Давайте сначала рассмотрим вопрос мотива. Вас просят поверить, что обвиняемый явился в дом Эйвори Хьюма с заряженным пистолетом в кармане. Почему? Ну, полицейский офицер, который вел расследование, заявил: «Обычно люди не носят с собой оружие, если не думают, что могут им воспользоваться». Иными словами, вас косвенно убеждают, что подсудимый пришел туда с намерением убить Эйвори Хьюма. Но почему? Как прелюдия к браку это выглядит слишком решительно. И что могло к этому побуждать обвиняемого? Единственное, о чем вам с определенностью сообщили, – это телефонный разговор, во время которого покойный не произнес ни одного гневного или оскорбительного слова. «Учитывая то, что я слышал, я думаю, нам лучше уладить дела, касающиеся моей дочери. Шесть часов вас устроит?» Разве он сказал обвиняемому: «Я заставлю вас замолчать, черт бы вас побрал»? Нет. Он сказал это, положив трубку, говоря сам с собой. Все, что мог слышать обвиняемый, – это холодный, официальный голос, приглашающий его в дом. Но на этом основании вас просят поверить, что он схватил чье-то оружие и помчался по указанному адресу с преступным намерением, написанным у него на лице.

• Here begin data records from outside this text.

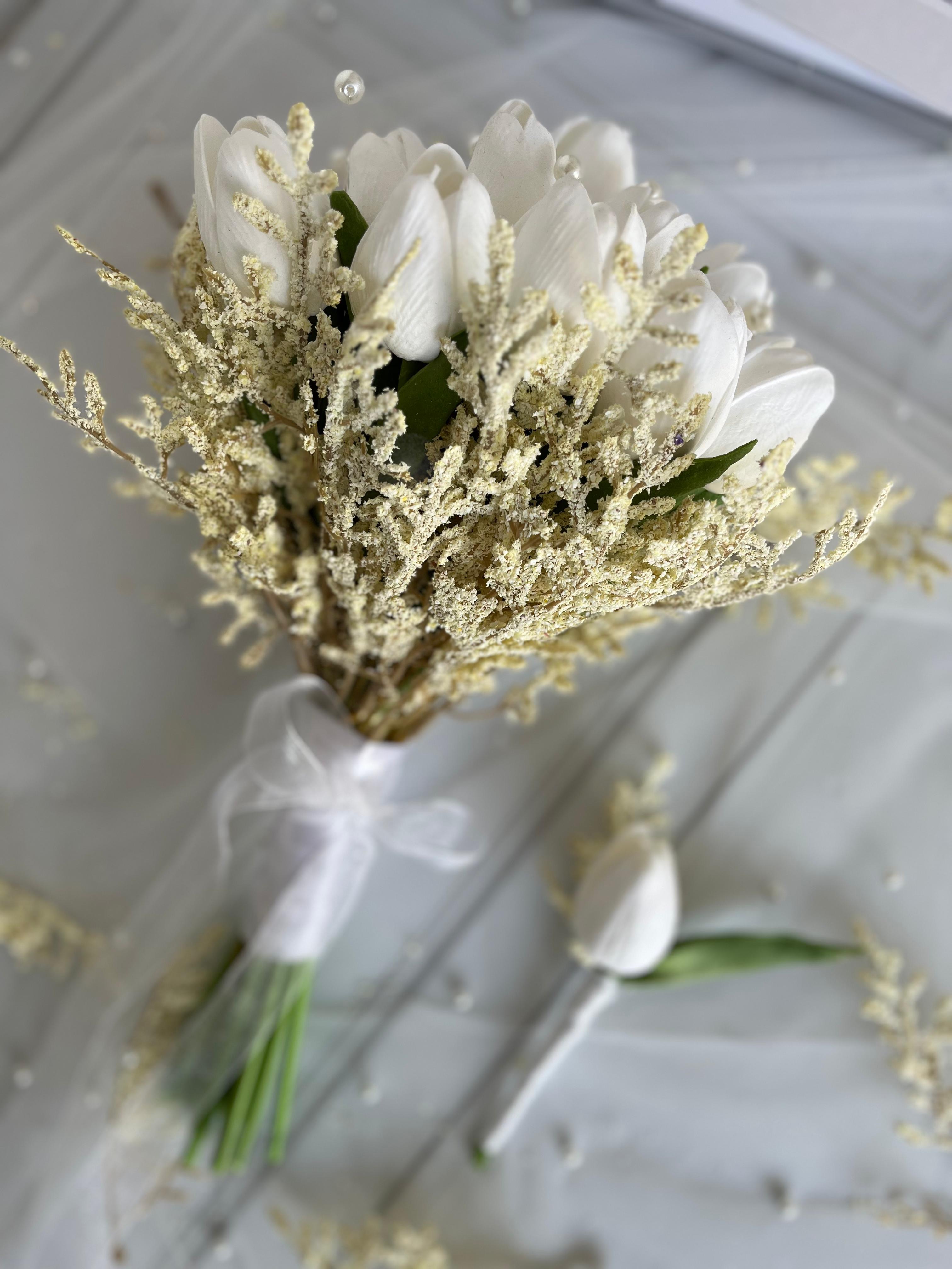 Beyaz lalelerin sade zarafeti, inci dokunuşlar ile birleşerek modern ve sofistike bir görünüm sunar. Temiz, minimal bir gelin buket arayanlar için ideal seçimdir.? Orta boydur ne büyük ne de küçük. Yaka çiçeği hediyedir. Teslim süresi 15-20 iş günüdür; acil tarihler için not kısmına belirtmeniz yeterlidir. ?Ürünlerimiz tamamen el yapımıdır; bu nedenle her buket ve süs benzersizdir. Çiçeklerin yerleşimi ve detayları ufak farklılıklar gösterebilir, bu da ürünlerimize özel bir karakter katar. ?
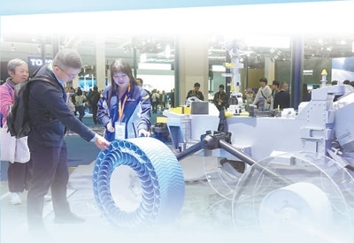 第七屆中國(guó)國(guó)際進(jìn)口博覽會(huì)上,觀眾正在了解米其林月球探測(cè)車輪胎。
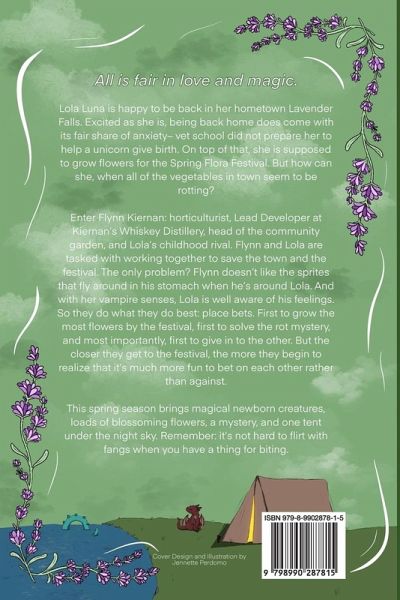 Lola Luna is happy to be back in her hometown, Lavender Falls. Excited as she is, vet school did not prepare her to help a unicorn give birth. On top of that she is suppose to help grow flowers for the Spring Floral Festival. But how can she when all the vegetation in town seems to be rotting? Enter Flynn Kiernan. Horticulturist, lead developer of Kiernan's Whiskey Distillery, head of the community garden and Lola's childhood academic rival. Flynn and Lola are tasked to work together to save the town and the festival. The only problem is Flynn doesn't like the sprites that fly around his stomach when he's around Lola. And Lola with her vampire senses is well aware of his feelings. So they do what they do best and place bets. First to grow the most flowers, first to solve the mystery and most importantly first to give in. But the closer they get to the festival the more they begin to realize that it's much more fun to bet on each other than against. The spring season brings on magical newborn creatures, blossoming flowers, a mystery and one tent under the night sky. Remember it's not hard to flirt with fangs when the other has a thing for biting.
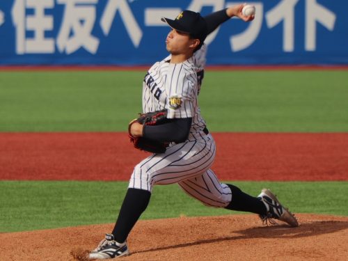 7回裏、三番手の 松岡啓太(1年・投手・立教新座) は、一死から左前安打で出塁されると、後続に連続適時打を浴び2失点と勝ち越しを許します。次打者に左前安打を許したところで、四番手 中村流彗(1年・投手・桐蔭学園) にマウンドを託します。しかし、中村流 は3つの四球を与え、押し出しで2点を失い、降板します。五番手の 中村雄太(2年・投手・長崎西) は、後続を三振に斬りこの回を切り抜けます。
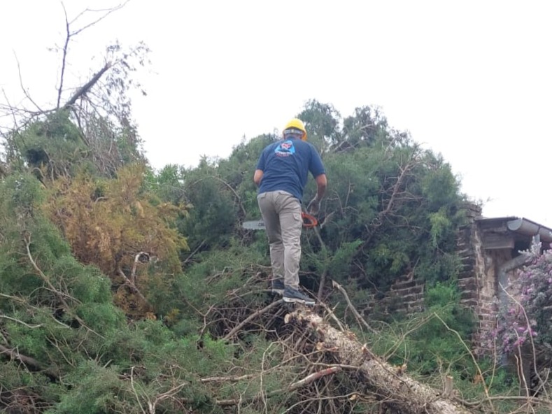 Con el correr de las horas, el área de Obras, Servicios y Ambiente del municipio se sumó y ocupó a casi todo su personal en los trabajos, que insumieron el uso de seis camiones, dos palas mecánicas y una chipeadora, entre otros rodados.
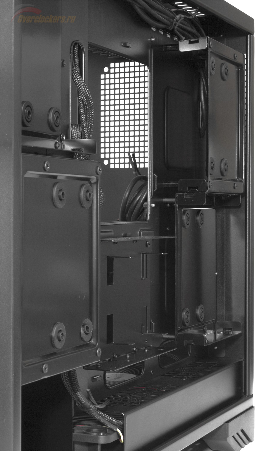 Здесь же, за поддоном, располагаются основные посадочные места для накопителей. Четыре штуки для 3.5-дюймовых жестких дисков и один отсек для двух SSD накопителей в центральной части.

Почему? В голову закрадывается мысль, что жертва узнала об обвиняемом что-то скверное. Но вам не сообщили, что именно, а попросту заявили, что дыма без огня не бывает, хотя вы даже не услышали ни о каком дыме. Обвинение не может предложить никакой причины, по которой Эйвори Хьюм внезапно стал вести себя как безумный. Но я могу это сделать.
Несомненно, Г. М. завладел вниманием аудитории. Он говорил почти небрежным тоном, уперев кулаки в бока и глядя поверх очков.
– Факты – я имею в виду физические факты – этого дела не подлежат сомнению. Мы собираемся выяснить подлинные причины этих фактов. Мы намерены доказать вам, что поведение жертвы не было связано с обвиняемым и что все дело против этого человека подтасовано от начала до конца. Корона не может предложить какой-либо мотив для чьих-либо действий, а мы можем. Корона не может сказать вам, что произошло с таинственно исчезнувшим куском пера, а мы можем. Корона не может объяснить, каким образом кто-то, кроме обвиняемого, мог совершить преступление, а мы это сделаем.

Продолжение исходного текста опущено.